Canada was very reluctant to take any German-speaking Mennonites—the Great Depression had begun and a negative memory of war resistance still lingered. In the end Canada took 1,344 Mennonites and the USA took none born in Russia. Paraguay was the next best option (note 2). The German government preferred Brazil, but Brazil would not guarantee freedom from military service, which was a problem for American Mennonite financiers.

There were already some conservative "cousins" from Manitoba in Paraguay who had negotiated with the government and learned through trial and error how to survive in the "Green Hell" of the Paraguayan Chaco.

MCC with the assistance of a German aid organization purchased and distributed basics for each new family / village to be equipped with the following upon settlement (see pic):


It was a huge undertaking. MCC estimated the costs to settle each family exclusive of transportation and land, would be a little more than $600. The biggest organizational failure was lack of medical care, and the first families suffered immediate losses. And the quality of oxen (for ploughing) and cows—upon which so much hinged—looked much better on paper than the animals that were in fact rounded up.

1,572 Mennonites from Russia were settled by MCC in the Paraguayan Chaco, and another 2,529 settled in Brazil in 1930 (note 3). Each family settled in Paraguay was indebted $1500 (average) for travel expenses, 40 hectares of land, and the cost of equipment (note 4).
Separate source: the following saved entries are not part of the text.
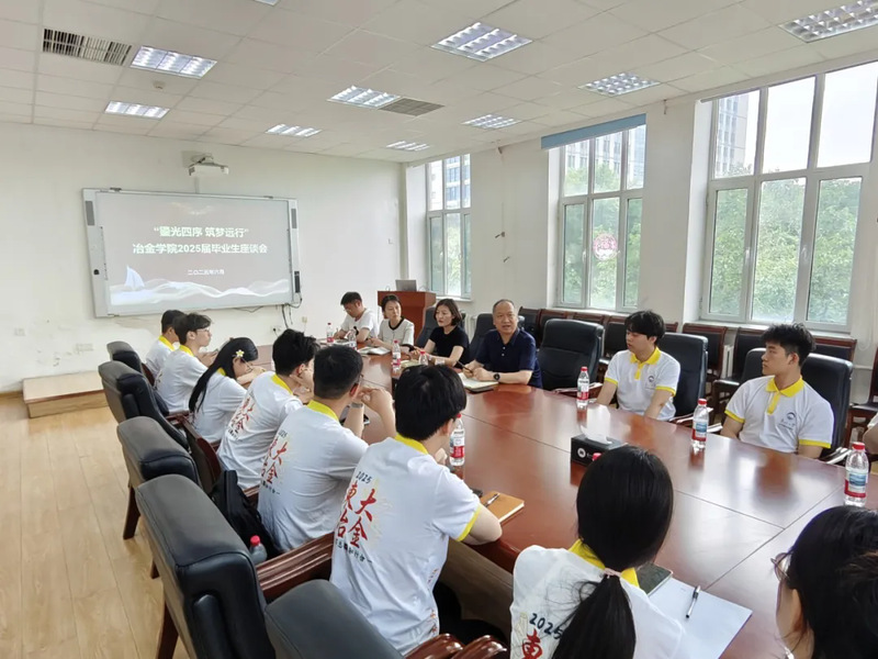 6月12日12时30分,冶金学院于冶金学馆311B会议室举办“鎏光四序 筑梦远行”2025届本科毕业生座谈会。学院党委主要负责人、学生工作主要负责人、本科毕业生辅导员及2025届毕业生代表参加,会议由学生工作办公室主任姜媛主持。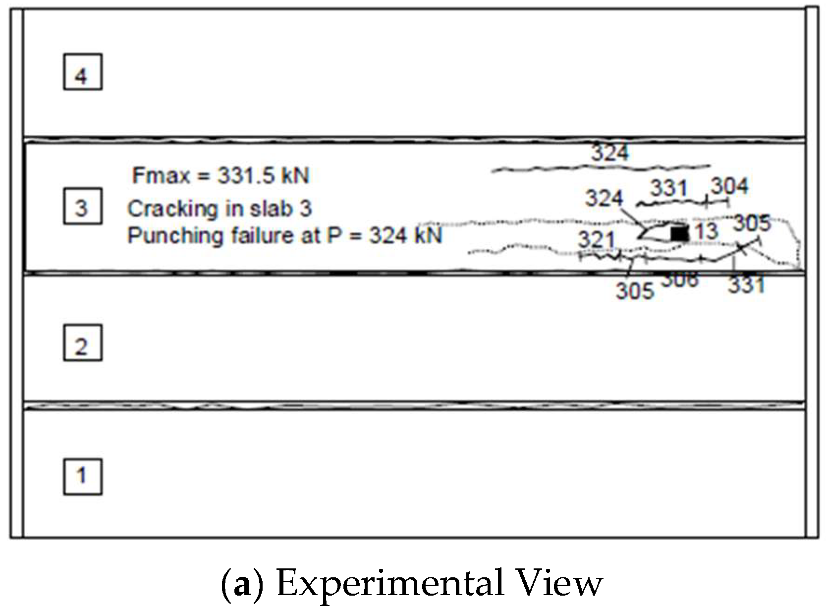 Figure 11. Crack patterns observed in: (a) Experimental test [24] (The solid and dashed lines indicate cracks on the top and bottom surfaces, respectively, and individual slabs are numbered from 1 through 4.), (b) Numerical analysis—top surface, (c) Numerical analysis—bottom surface.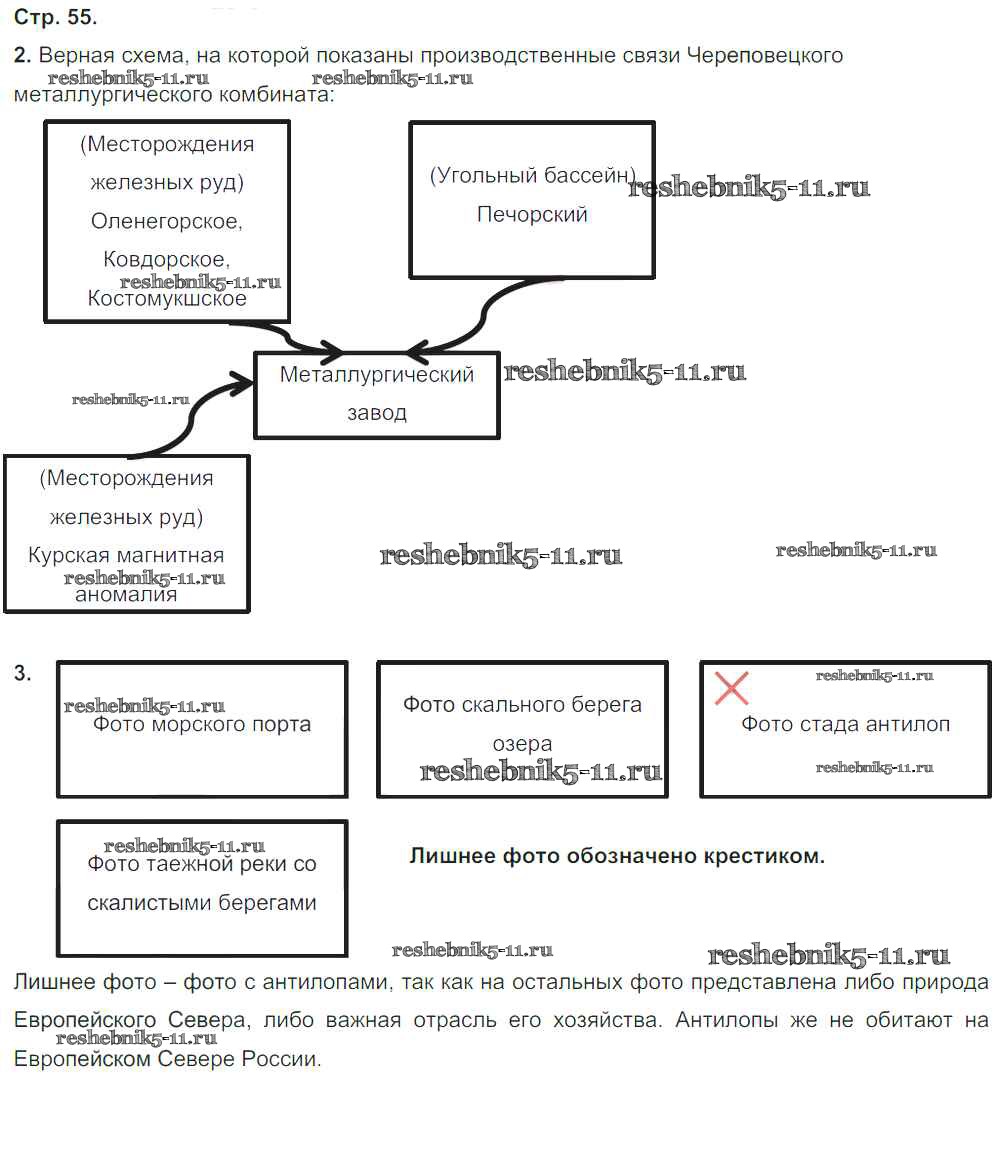 Готовая домашняя работа с ответами по Географии за 9 класс Ходова, Ольховая Тетрадь-тренажер Сферы Просвещение 2016 ФГОС - Глава 2. Районы России стр.55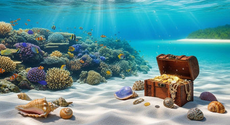 Treasure chest on the sand with corals and tropical fish underwater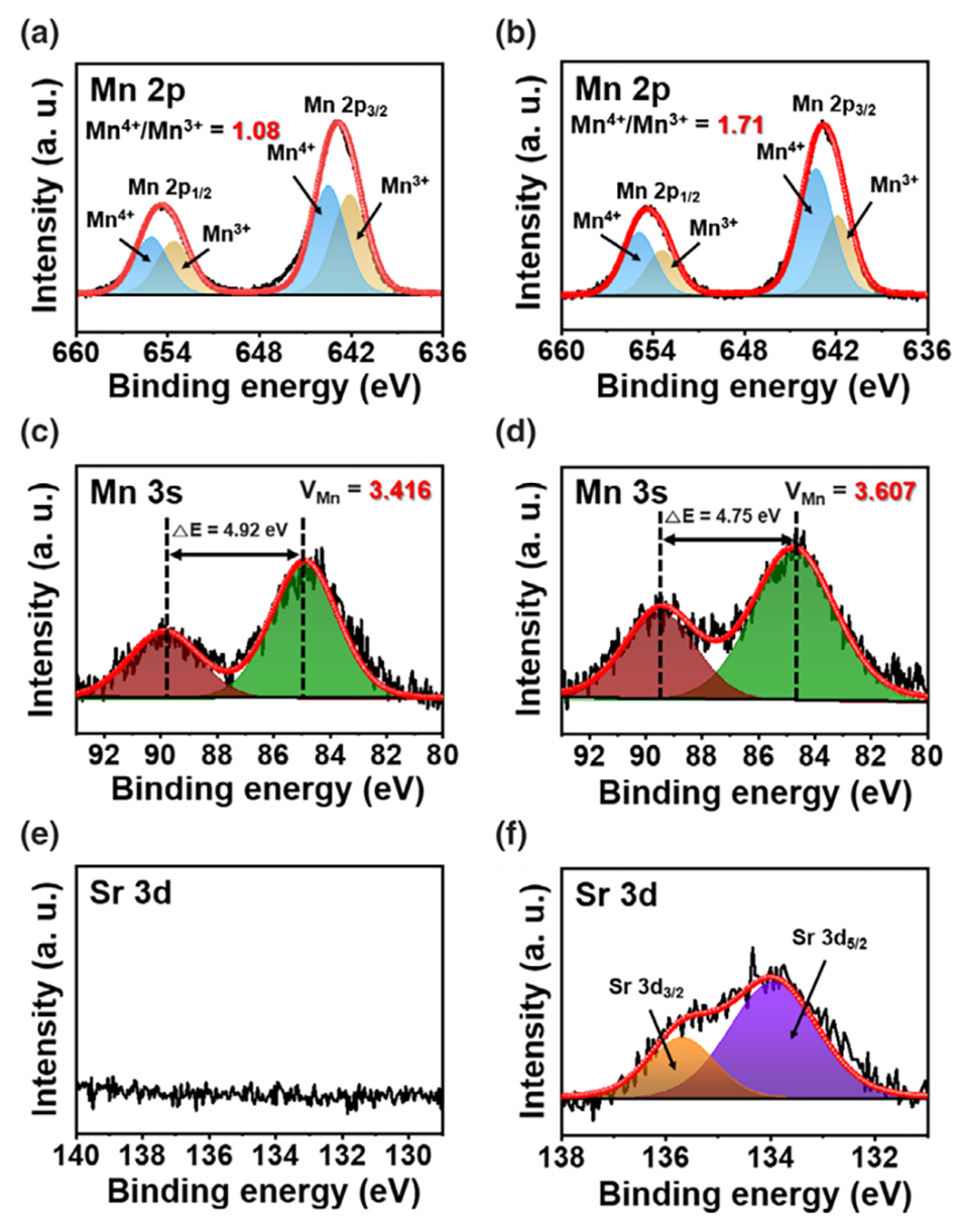 图4 LMO 样品的 X 射线光电子能谱(XPS)窄扫图谱:(a) Mn 2p 轨道、(b) Mn 3s 轨道、(c) Sr 3d 轨道;Sr-LMO 样品的 X 射线光电子能谱(XPS)窄扫图谱:(d) Mn 2p 轨道、(e) Mn 3s 轨道、(f) Sr 3d 轨道。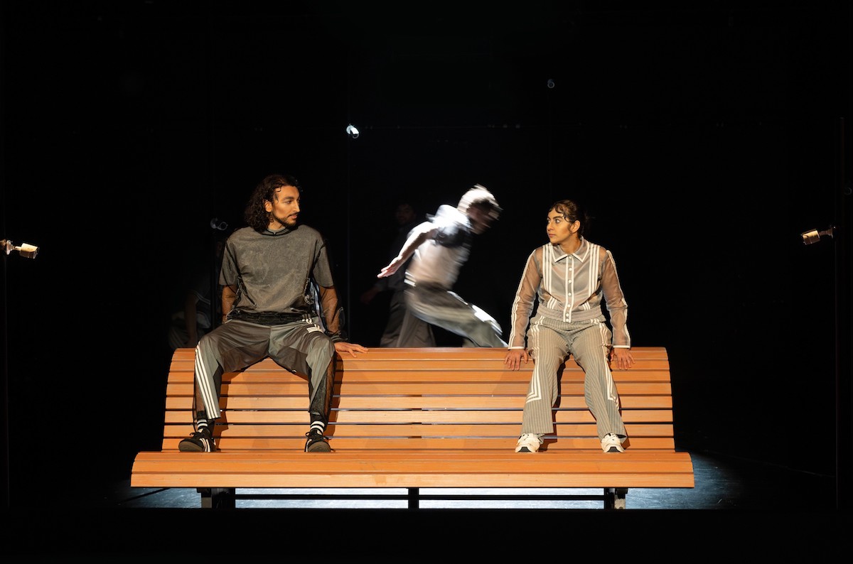 Auf der Parkbank hängen Hassan und seine Freunde ab, es wird vor allem diskutiert, gelegentlich auch mal (dahinter) geturnt. Andere Regieanweisungen werden als Text mitgesprochen, aber nicht gespielt ("Omar greift nach der Sportzigarette"). Manchmal steigt eine:r aus und in den Monolog hinein. Alles schön episch. Die Regisseurin vertraut ganz auf den Text: Rhythmisch, poetisch, klar ist dessen Sprache, sehr dicht, sehr wortreich.

There were already Conservative Mennonites from Canada (Sommerfelder) in the Chaco, who had suffered a very high mortality rate upon settlement. Nevertheless MCC chose not to place a medical doctor in the colony; they were satisfied with a settler who had homeopathic training. An epidemic broke out in the first few months after arrival in Paraguay, and tragically took more than 94 lives (note 5).

Homeopathic doctor Johann Ediger was a close friend of immigration leader Prof. Benjamin Unruh, and wrote a year earlier about the Canadian Mennonites: “An important reason that frightens the Mennonites away from Chaco, is the high mortality amongst the settlers, and it will be one of my first problems to investigate the reasons, and satisfactorily enlighten the settlers through lectures on prevention and homeopathic self-treatment” (note 6).

Ediger had only taken one course in medicine; he did not complete it or graduate with a degree, and was “not in any way a qualified as a doctor,” according to a reference check with a Mennonite medical doctor from Russia in 1929 (note 7 and 8).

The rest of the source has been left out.